Oh, I mentioned the pictures. They were wonderful. I guess he lived in Los Angeles and could get stills directly from the studios who I am sure were glad to provide materials to a popular magazine that would claim to love every film, even THE CREEPING TERROR. Most issues of "Famous Monsters" had beautiful color renderings of images from horror and science fiction films. They were probably based on his collection of stills, but they were individually painted and, I think, generally looked better than the photographs they were based on. I wish I had some of those paintings.
I don't think that I needed "Famous Monsters" to know I wanted to see the films FRANKENSTEIN and DRACULA. But Forry told me the greatest science fiction film ever made was METROPOLIS. So I had to see it. It was in black and white? So what? A silent film? Hey, if it is a good science fiction film I want to see it. Today most kids don't want to see a black and white film much less a silent one. But I wanted to see the silent film METROPOLIS. I really wanted to see it. And after that I wanted to see THE GOLEM and NOSFERATU and a lot of other silent films. And foreign horror films. I think it was Forry who taught me that there were films I would be missing out on if I decided no subtitled films, no silent films, and no monochrome. If it weren't for Forry I would probably not have the broad taste in cinema I have today.
I could list some of his other accomplishments. I could say how he discovered Ray Bradbury, how he was a literary and sometimes acting agent for some of the most famous names associated with the fantastic like Ray Bradbury, Isaac Asimov, A.E. van Vogt, Curt Siodmak, and L. Ron Hubbard. I could tell you how he supposedly invented the term "sci-fi" which turned out to be a mixed blessing for science fiction. Well, "Famous Monsters" was a mixed blessing. Much about Forrest Ackerman was a mixed blessing. Those things affected me, but it was only indirectly. But for every fan of fantasy and science fiction who grew up in the 1950s or 1960s he was sort of an unofficial uncle. He was the funny uncle who never become adult and dull.

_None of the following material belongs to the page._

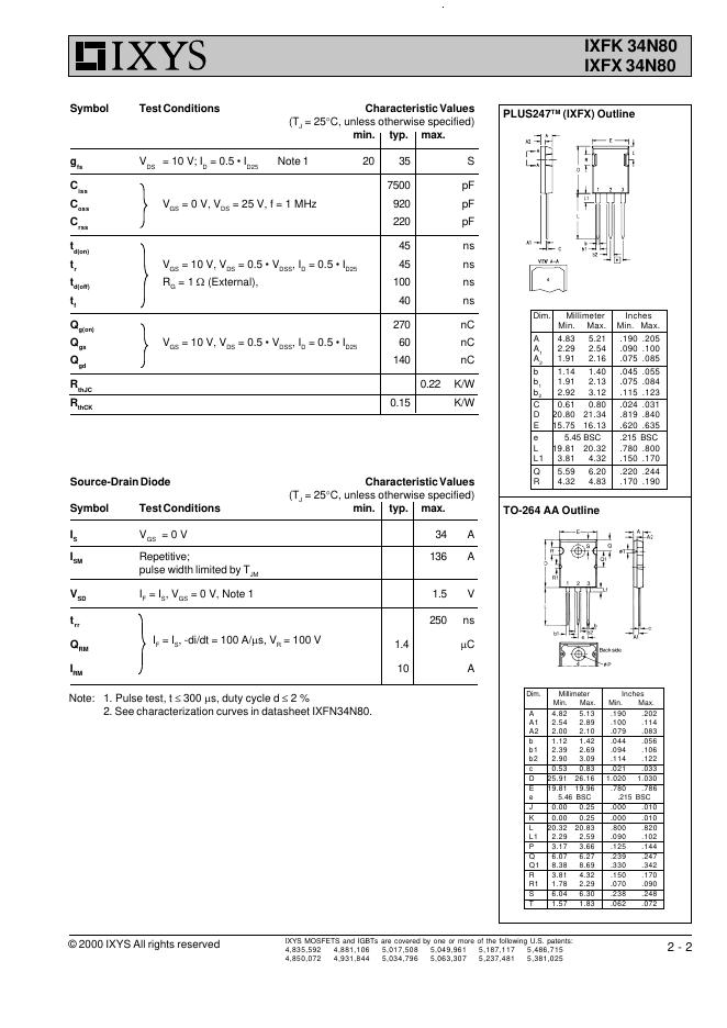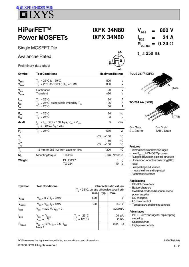 IXYS IXFK 34N80/IXFX 34N80 数据手册.pdf
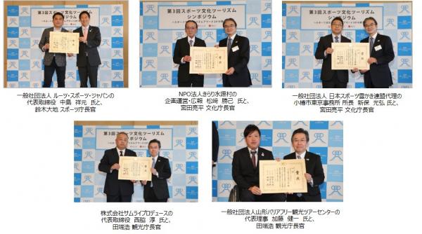 「マイスター部門 入賞(過去3回以上のイベントの開催実績又は3年以上継続的な取組であり、 国内外の観光客の増加に寄与しているスポーツ文化ツーリズムを表彰)」では、北海道の国際スポーツ雪かき選手権(一般社団法人日本スポーツ雪かき連盟)、熊本県のカヤックで農業用水路を下る!「イデベンチャー」(NPO法人きらり水源村)、東京都・全国の地域の魅力・文化を引き出しサイクルツーリズムで通年誘客を実現するツール・ド・ニッポン(一般社団法人ルーツ・スポーツ・ジャパン)を表彰しました。

Forry turned 92 years old on November 24. He died of heart failure December 4, 2008. There is nobody out there who can replace him. Rest in Peace, Forry. [-mrl]
SLUMDOG MILLIONAIRE (film review by Mark R. Leeper):
CAPSULE: An 18-year-old street boy tells the story of his life to a police commissioner. He has been arrested on suspicion of cheating for answering too many questions on a television quiz show. Each episode in his life explains how he knew one of the questions he was asked on the show. Together the chapters form a mosaic of the life of a Muslim street child on the streets of Mumbai, India. Much of the story seems distorted for melodramatic effect. The concept of the film makes it seem light, but the first reel is very violent and perhaps harrowing. Rating: +1 (-4 to +4) or 6/10
SLUMDOG MILLIONAIRE is a look at life in modern day India from the bottom up. The main character is Jamal Malik, who at an early age was a "slumdog." Slumdogs seem to be parentless children living wild in the streets who frequently die early or grow into gangsters. Jamal has a chance at something a little better. He is on the Hindi version of the popular quiz program "Who Wants to be a Millionaire?" In fact, he has gone higher in the program than anyone else ever has. And the police want to know how can a slumdog without an education do so well without cheating? But Jamal claims he really knew all the answers. Each question he answered he knew from some chapter in his life. He tells the police this story of his life by telling them the incidents from which he knew the answers to the questions. We flash back and forth from the recent past on the quiz show where he is browbeaten and manipulated by the show host to the more distant pass when Jamal's integrity and character are formed by the beatings he gets in school and the predators he has to fight off and escape from.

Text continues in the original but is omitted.